Segundos intermináveis de silêncio gritaram naquela sala.

— Você machucou essa pessoa?

— Não...

— Quem é a pessoa, Klayton?

— Hum... Um rapaz...

— E como você tentou ajudar esse rapaz?

Minha cabeça começou a doer só de lembrar tudo o que eu tinha feito naquelas últimas semanas. Eu queria ter o poder de voltar atrás e consertar tudo, mas...

— Começou há algumas semanas...

(...)


— Voltei! — exclamei assim que coloquei os pés em casa.

— Já era hora, mocinho — disse minha mãe sentada no sofá da sala junto com meu pai e meu irmão.

— Achamos que você tinha esquecido da nossa noite em família, Klay — falou meu pai.

Mas não tinha como esquecer...

Desde a minha mal explicada tentativa de suicídio no lago do parque atrás do campus da faculdade que meus pais inventaram aquelas noites em família. Assistíamos programas de TV, jogávamos cartas e uma vez meu pai até inventou de levar Shawn e eu para jogarmos basquete em uma quadra perto de casa.
Eles nunca me pressionaram para descobrir o motivo de eu ter feito o que fiz, mas eu tinha certeza que desconfiavam. Pete e eu não nos desgrudávamos nem cursando faculdades diferentes. Sem falar que ele me visitava quase todas as noites e toda a vez que eu saía de casa era ou para estudar ou me encontrar com ele...

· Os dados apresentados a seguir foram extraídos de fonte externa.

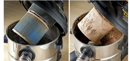
With Air Flux separator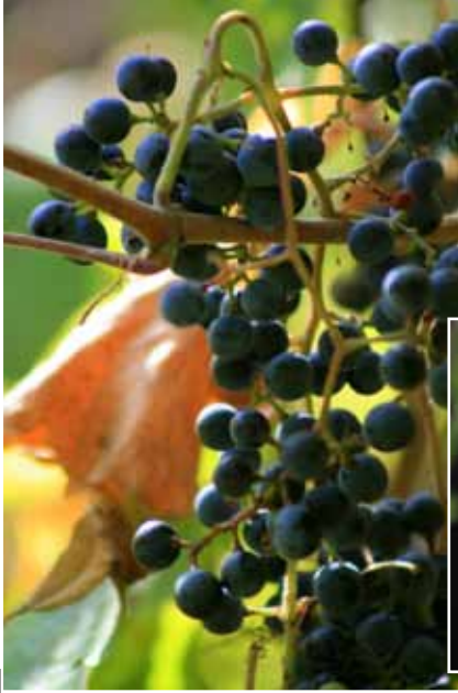
Clockwise from top left: Wild grapes, honeybee pollinating native blackberry flowers, cattails, oak woodland

areas. Some restoration work has been done through Friends of the River Banks, with more planned to bring back a number of the native plant species.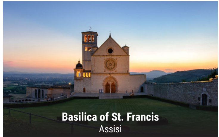
Basilica of St. Francis Assisi

This morning, we will transfer to the airport to catch our return flight home.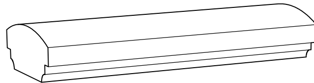
HR-324 Hand Rail Formerly HR323

Note: All Hand Rail Profiles shall be provided in 24" lengths, typical.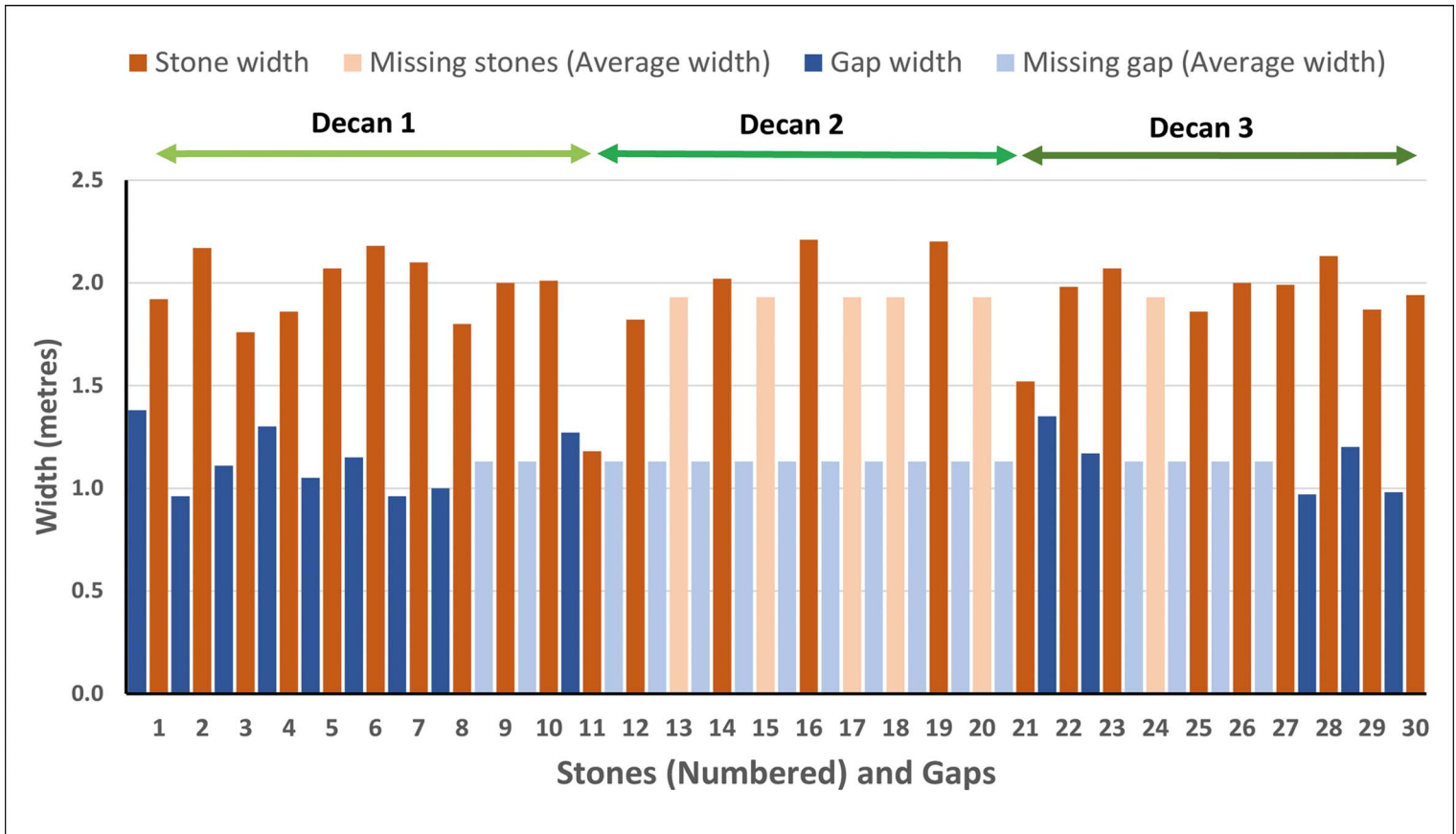
Figure 4. Plot showing the spacing and size of stones forming the Sarsen Circle (figure by T. Darvill).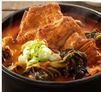
Pork Rib Hangover Soup 뼈해장국 $25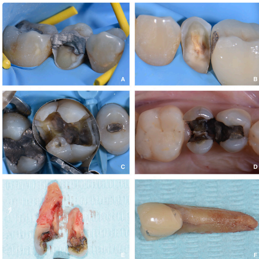
Figure 2: Cracked teeth. A) Tooth 45 presenting with buccal cusp fracture. B) Tooth 35 presenting with buccal cusp fracture also showing lingual cusp crack. C) Tooth 16 showing occlusal view of cracks. D) Occlusal view of subgingivally fractured 15. E - Tooth 15 extracted showing fracture to apical third of the tooth. F) Vertical Root fracture.

planning and consent is necessary if any occlusal modification is begin considered, especially if this involves adjustments to teeth not immediately effected by pathology.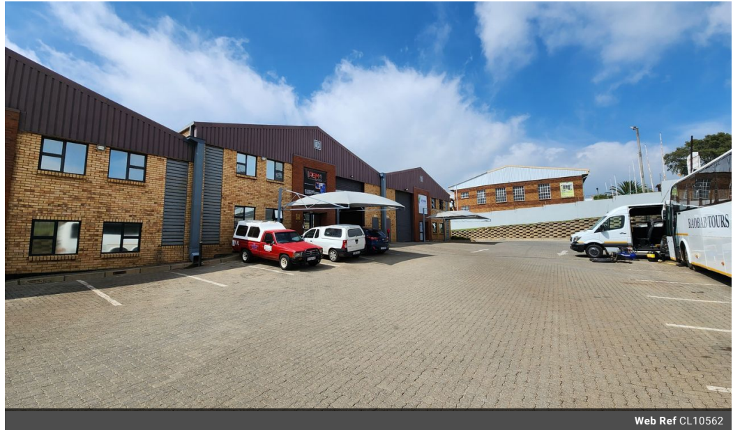
Web Ref CL10562

Office 40A Eden Meadows Complex 1 Van Riebeeck Avenue Greenstone 1609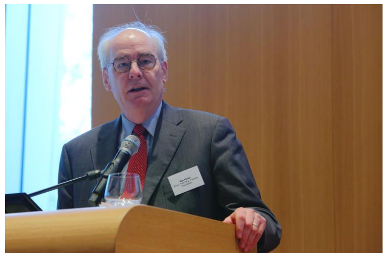
Chair of the Management Board The P.R.I.M.E. Finance Foundation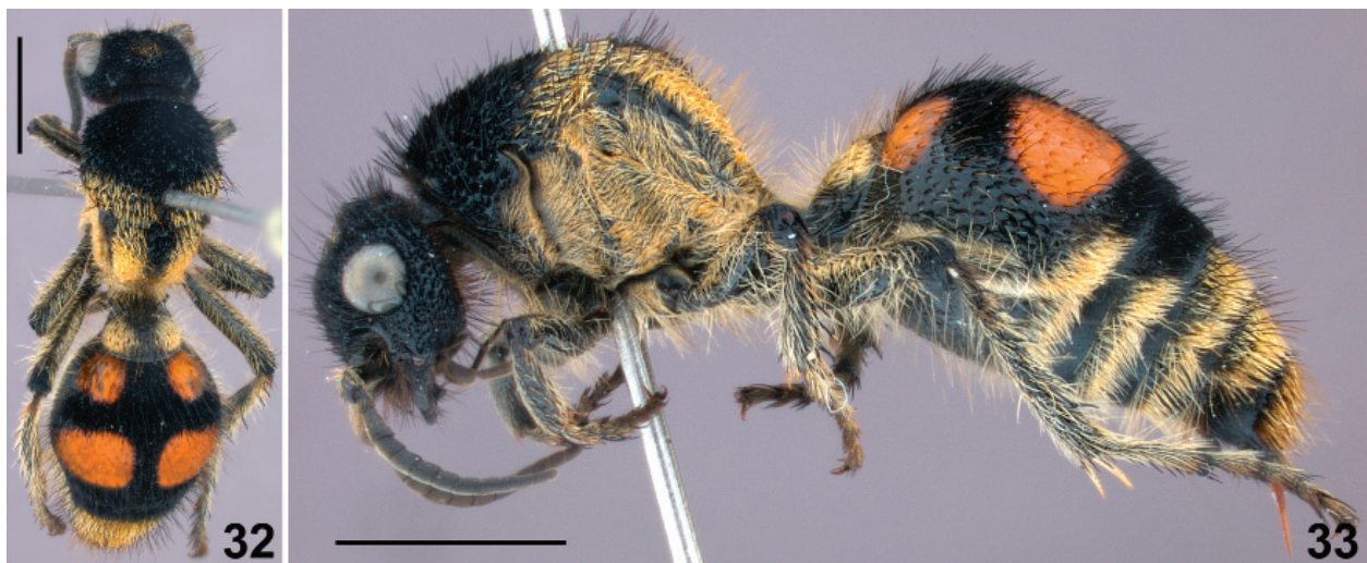
Figures 32–33. Traumatomutilla inermis (Klug, 1821). 32) Habitus, dorsal view. 33) Habitus, lateral view. Scale bar: 3 mm.

Eu sabia que meus pais desconfiavam de alguma coisa, mas não tinham coragem de perguntar.

— Como está o Pete? — perguntou Shawn.

— Trabalhando e estudando bastante — respondi tirando o tênis e os colocando ao lado da porta da frente como costumávamos fazer.

— Que curso seu amigo asiático está fazendo mesmo? — perguntou minha mãe.

— Administração — respondi.

— Administração é bom, mas nada supera o curso de Direito — resmungou meu pai.

— Eu larguei o curso de Direito para fazer Biotecnologia, pai — afirmei.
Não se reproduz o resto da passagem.